__About this exercise__: All lines below starting at the one that holds "血脈相連、共克時艱。在日喀則" and ending at the one that holds "A new series" should be printed exactly, ends included. Pictures should not be printed, nor anything else.
BEGIN
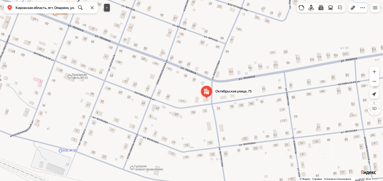 Нежилое здание "здание магазина" площадью 110,2 кв.м., кадастровый номер 43:23:330126:113, расположенное по адресу: Кировская область, пгт. Опарино, ул. Октябрьская, д. 75. Количество этажей 1, в том числе подземных 0. Объект недвижимости расположен в границах земельного участка с кадастровым номером 43:23:330126:48, право государственной собственности в отношении которого не разграничено. В отношении земельного участка оформлены арендные отношения. Вид права собственность. Обременение аресты, запрет, наложенный ОСП по г. Новодвинску УФССП России по Архангельской области и Ненецкому автономному округу, СОСП по Архангельской области и Ненецкому автономному округу ГМУ ФССП России, аренда в пользу ООО "Савва". Собственник ООО "Северная торгово-инвестиционная компания" ИНН 2903006649 (уведомление 130 от 19.01.2026).
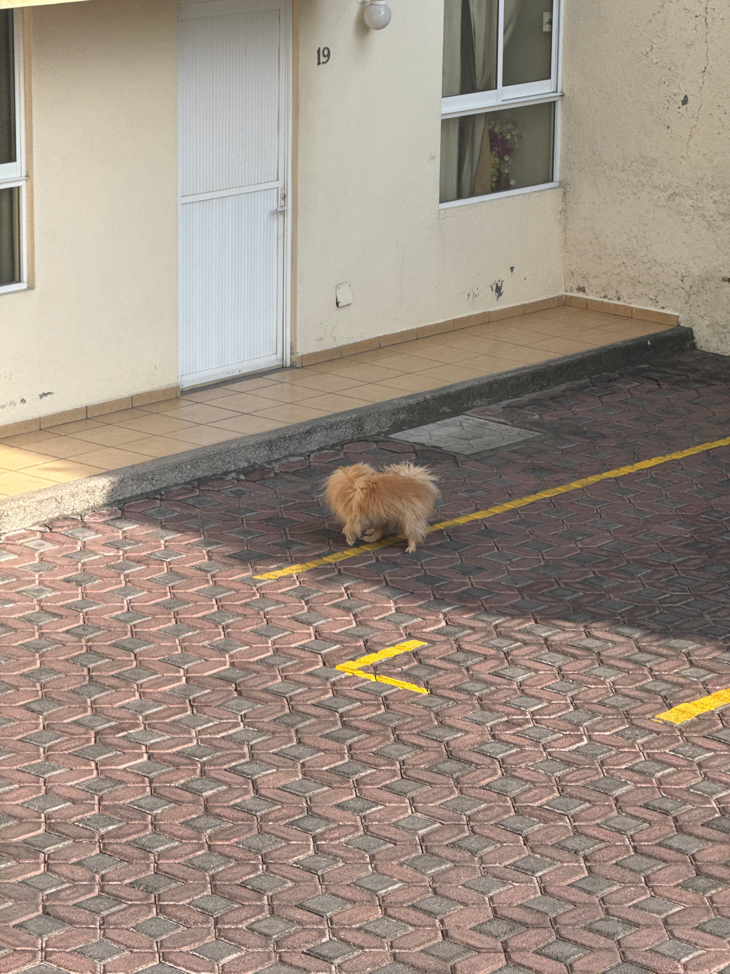 A small, fluffy, tan-colored dog sits on a brick-paved surface with yellow painted lines, possibly a parking area. The scene appears to be adjacent to a building with a white door labeled "19" and a w…read more
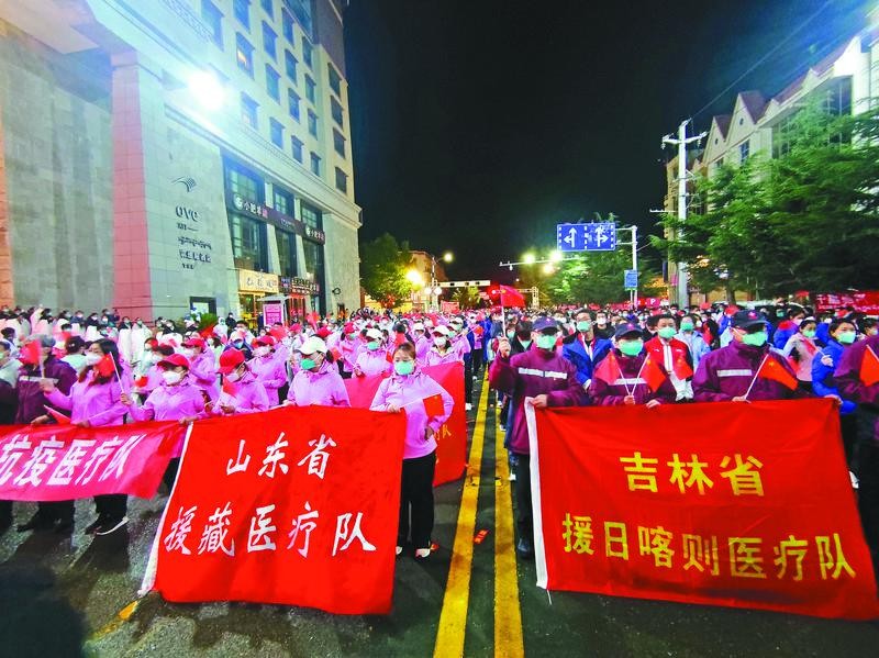 血脈相連、共克時艱。在日喀則市抗擊新冠肺炎疫情的緊要關(guān)頭,山東省委、省政府和吉林省委、省政府第一時間組織支援抗疫醫(yī)療隊,馳援日喀則。全體醫(yī)療隊隊員響應(yīng)組織號召,主動請纓、逆行出征,帶著山東、吉林人民的深情厚誼,以生命守護(hù)生命、以大愛砥礪仁心,苦戰(zhàn)鏖戰(zhàn)40多個日日夜夜,為日喀則奪取抗擊新冠肺炎疫情全面勝利作出了突出貢獻(xiàn)。
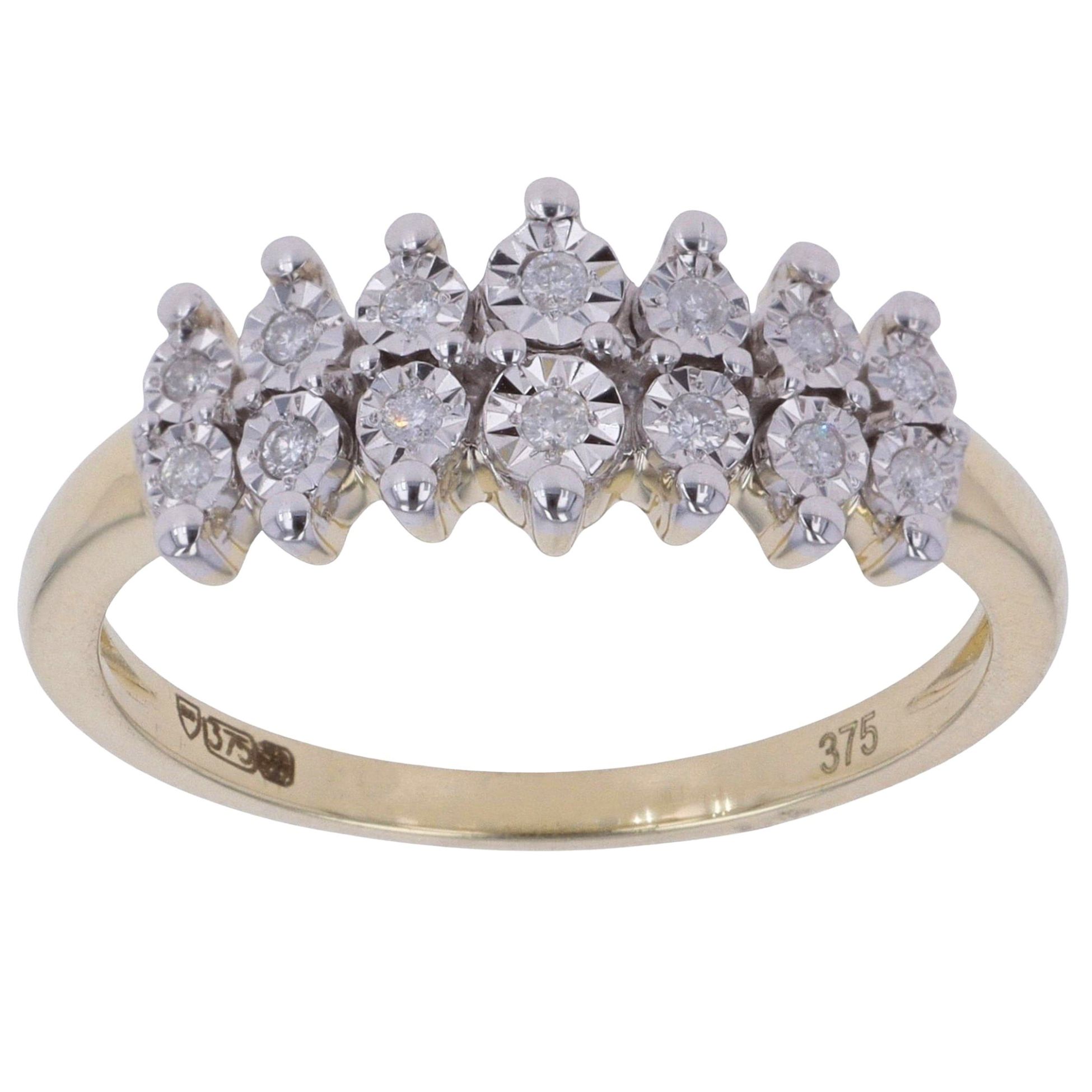 9ct Yellow Gold 0.10ct Brilliant Cut Diamond Cluster Ring
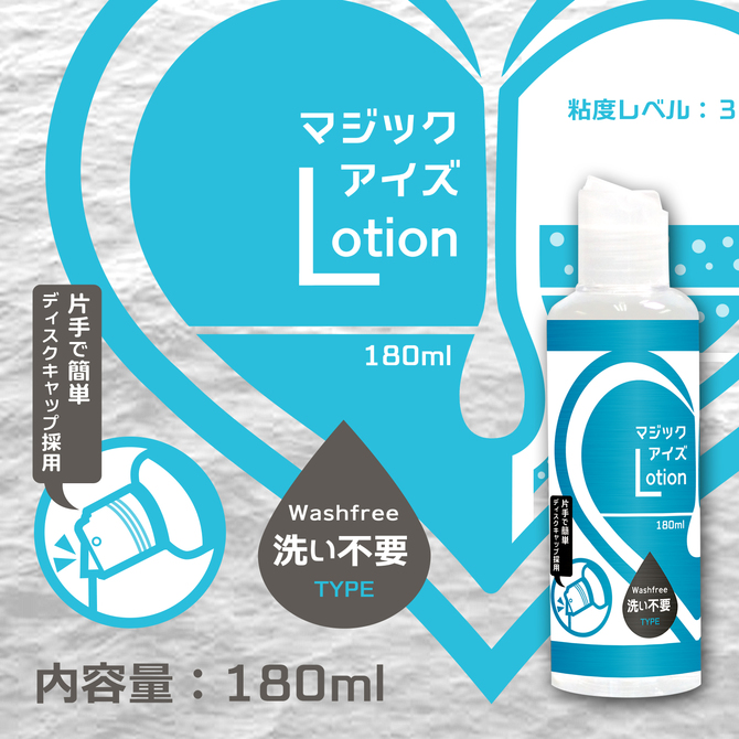A new series of tasteless, odorless, simple, royal style Magic Eyes Lotion! Newly released in an easy-to-handle size. The 180ml bottle is easy to carry, and the disc cap makes it easy to use even with one hand. Contains hydroxyethylcellulose (an ingredient that increases viscosity). The use of ingredients for cosmetics makes this product even safer. The viscosity level is "3" which is a little hard* and feels "sticky-salty". The colorless, transparent bottle allows you to immediately see its viscosity and remaining amount at a glance! We recommend this product for beginners!
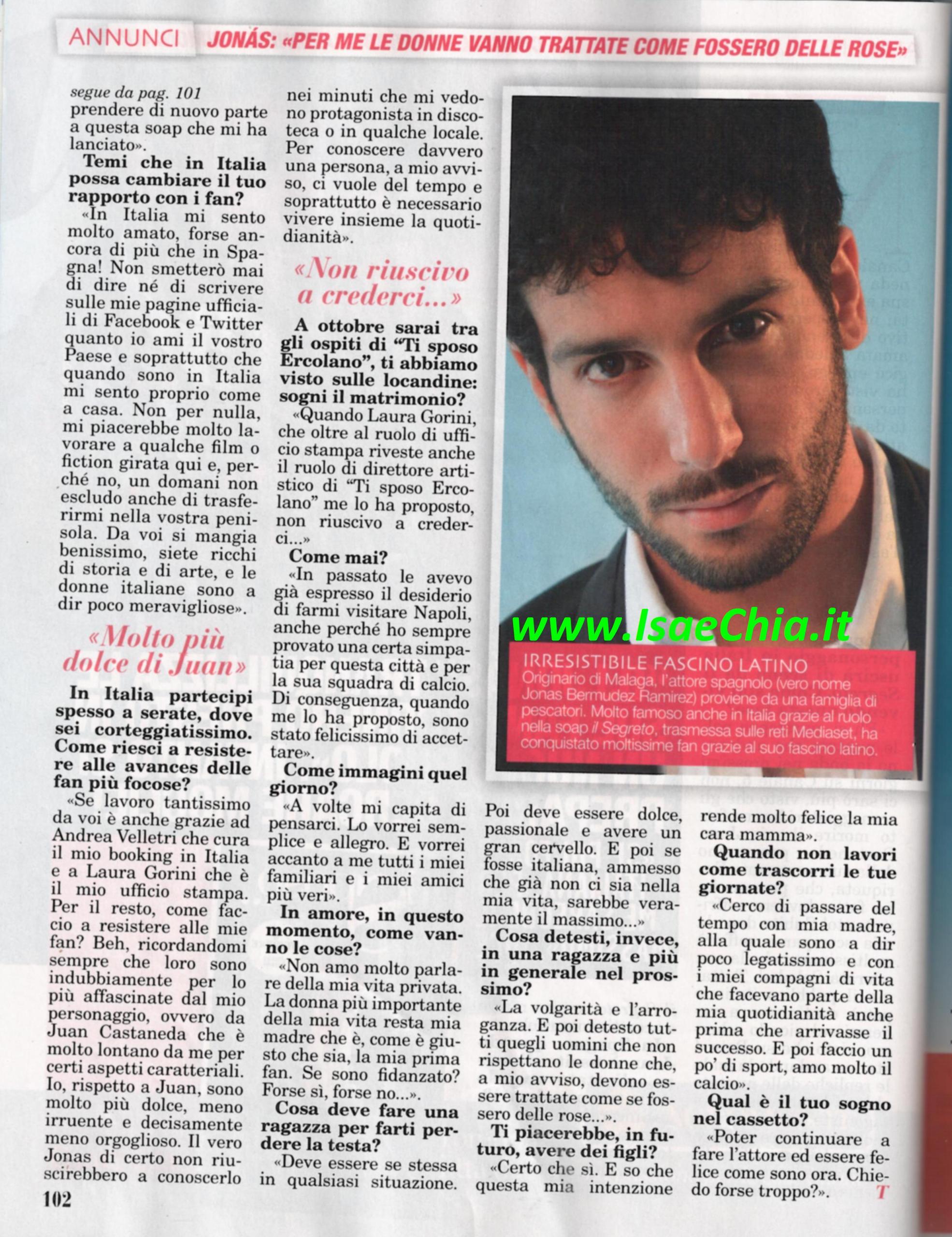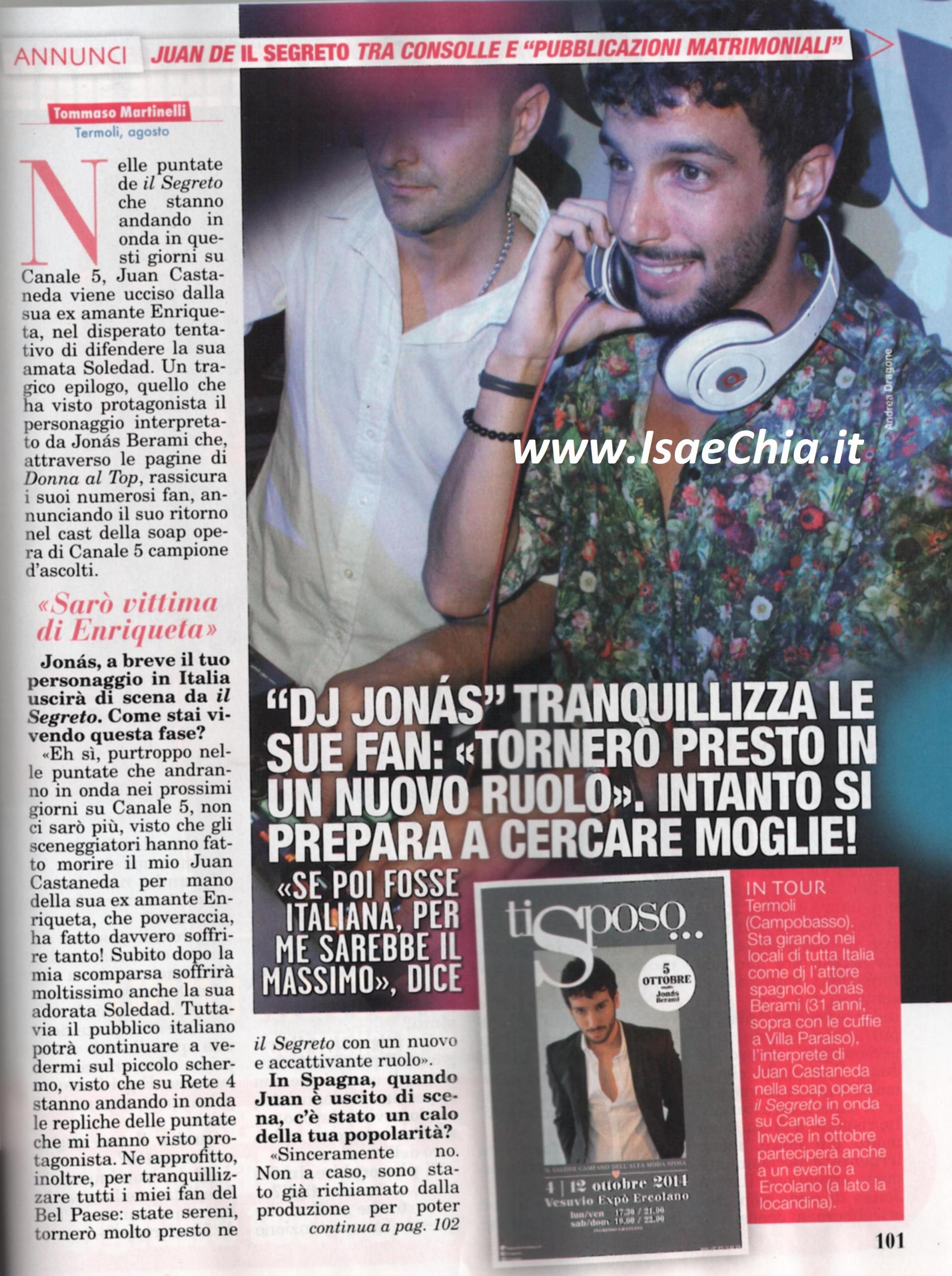 Nelle puntate de Il segreto che stanno andando in onda su Canale 5, Juan Castaneda viene ucciso dalla sua ex amante Enriqueta, e per Jonàs Berami, l’attore che interpreta Juan, ci sarà quindi un tragico epilogo: “Sì, purtroppo nelle prossime puntate che andranno in onda, non ci sarò più: gli autori mi hanno fatto morire per mano di Enriqueta, che ha sofferto molto per colpa mia. Subito dopo la mia scomparsa soffrirà molto anche la mia adorata Soledad. Tuttavia, il pubblico potrà continuare a vedermi nelle puntate della scorsa stagione, ancora in onda su Rete 4. Inoltre, ne approfitto per tranquillizzare tutti i miei fan italiani: tornerò molto presto ne Il segreto in un nuovo, accattivante ruolo. In Spagna non c’è stato un calo della mia popolarità: infatti mi hanno richiamato a prendere parte a questa fiction che mi ha lanciato. In Italia mi amano forse anche più che in Spagna e non smetterò mai di scrivere sulle mie pagine Facebook e Twitter quanto qui mi senta a casa: non escludo un giorno di venire a vivere nella vostra Penisola. Si mangia bene, siete ricchi di arte e cultura e le donne sono meravigliose! Come resisto alle mie fan? So che loro sono affascinate dal mio personaggio e non da me: non mi si può conoscere in pochi minuti, in qualche locale, è necessario vivere la quotidianità”. Inoltre, ad ottobre Jonas sarà ospite dell’evento Ti sposo di Ercolano (NA): “Quando il mio ufficio stampa Laura Gorini, che è anche direttore artistico dell’evento, me l’ha proposto, non potevo crederci! In passato avevo espresso desiderio di visitare Napoli, anche perché ho una simpatia sia per la città che per la sua squadra di calcio”. Infine, chiedendogli della sua vita privata, risponde: “Non amo molto parlarne. La donna più importante della mia vita resta mia mamma, che è la mia prima fan. Se sono fidanzato? Forse sì, forse no. La ragazza per me deve essere se stessa sempre, deve essere dolce, passionale, con cervello. E se fosse italiana, sarebbe il massimo! Detesto volgarità e arroganza, come detesto gli uomini violenti con le donne. Mi piacerebbe molto avere figli, è mia intenzione rendere felice mia mamma!”
END
__Output of the exercise__:
 血脈相連、共克時艱。在日喀則市抗擊新冠肺炎疫情的緊要關(guān)頭,山東省委、省政府和吉林省委、省政府第一時間組織支援抗疫醫(yī)療隊,馳援日喀則。全體醫(yī)療隊隊員響應(yīng)組織號召,主動請纓、逆行出征,帶著山東、吉林人民的深情厚誼,以生命守護(hù)生命、以大愛砥礪仁心,苦戰(zhàn)鏖戰(zhàn)40多個日日夜夜,為日喀則奪取抗擊新冠肺炎疫情全面勝利作出了突出貢獻(xiàn)。
 9ct Yellow Gold 0.10ct Brilliant Cut Diamond Cluster Ring
A new series of tasteless, odorless, simple, royal style Magic Eyes Lotion! Newly released in an easy-to-handle size. The 180ml bottle is easy to carry, and the disc cap makes it easy to use even with one hand. Contains hydroxyethylcellulose (an ingredient that increases viscosity). The use of ingredients for cosmetics makes this product even safer. The viscosity level is "3" which is a little hard* and feels "sticky-salty". The colorless, transparent bottle allows you to immediately see its viscosity and remaining amount at a glance! We recommend this product for beginners!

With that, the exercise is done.